Blake likes to hide in his box and to know we know he's in his box. Somehow, having him in his box on the chair next to me is better than having him in his box way off on top of his cage: even though I can't see or feel him, just the proximity matters. His latest oatmeal box held two 4.5 lb. bags and has a handle in one side: a narrow oval window, like an archer's window. Depending on what he's doing in his box, sometimes the tip of his tail pokes through either door or window and it is not permissible (though it is naughtily fun) to give the feathers a quick tug. Sometimes just the beak emerges around an edge of cardboard as he widens the apertures, and if he's concentrating very hard on his chewing sometimes he doesn't notice a finger laid on the upper mandible, at least not for a moment or two. If I could find a box to fit in his travel cage, I bet he wouldn't fret nearly as much on those rare occasions he has to be in it. It would have to have proper acoustics for singing and beak-tapping, of course.

Thanksgiving was a rough day for the buddy: we were cleaning and cooking until 2, and then after guests arrived pretending to be normal people who don't let a bird roam around the house, on the floor, on the dining table, whining whenever whatever is not quite to his liking. I had set him up in the opposite corner of the dining room than usual, out of the way of diners' chairs and with a good view of the kitchen. After the turkey came out of the oven, we opened his cage; during basting he had to be locked up.
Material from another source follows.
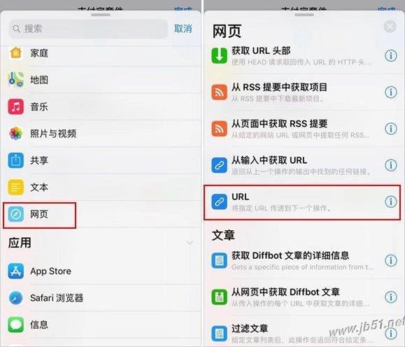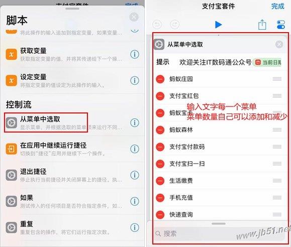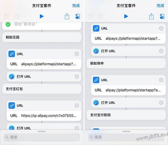 那就是我们添加这些菜单之后,我们实现点击某一个之后就打开,这里就非常简单。如果看过IT数码通小编之前制作的捷径教程,相信这点很容易想到,那就是添加 URL组件和打开URL组件,这两个2组件均可以在网页里面找到,添加URl组件之后,我们就需要输入支付宝套件每一个对应的URL路径,如下图所示。

His schedule was so interrupted that he took his mid-afternoonn nap on top of his cage. I really wanted to get a photograph of him tucked on the corner of his cage--"Blake supervises the Thanksgiving preparations"--but clean hands and tuckage never coincided.

Finally, well after dinner, with RDC's sister and nephew and Maven and Mr. Maven and I playing Scattergories around the dining table, Blake perched on RDC's knee in the living room and told him and his mother his tale of woe of the day. This is a prolonged dirge (or hey, perhaps my new vocabulary word "threnody") about the calamity of his day, distinct from the whistling that accompanies shaving and similar fun activities and from the "I'm so lonely I have to sing to my own foot" blues and from the "I'm not a songbird at all and not a songster like my older brother Percy but I do love this keening that my parents indulgently call song." It involves some whining and some chattering but mostly he sounds like the Scarecrow--"They took my arms and they threw them over there! and then they took my legs and they threw them over there!" Immediately upon finishing (it took a long time, maybe 20 minutes), he yawned himself into a tuck (each yawn ends with his head turned farther and farther around) and went to sleep. Such a hard day.

Since I've been typing he has emerged from his box and demanded a cave. I bent my knees to either side, so he has been playing between my calves under his box. Aha, back in the box. This means I can sign his parent-tether over to RDC without disrupting his play or breaking his heart.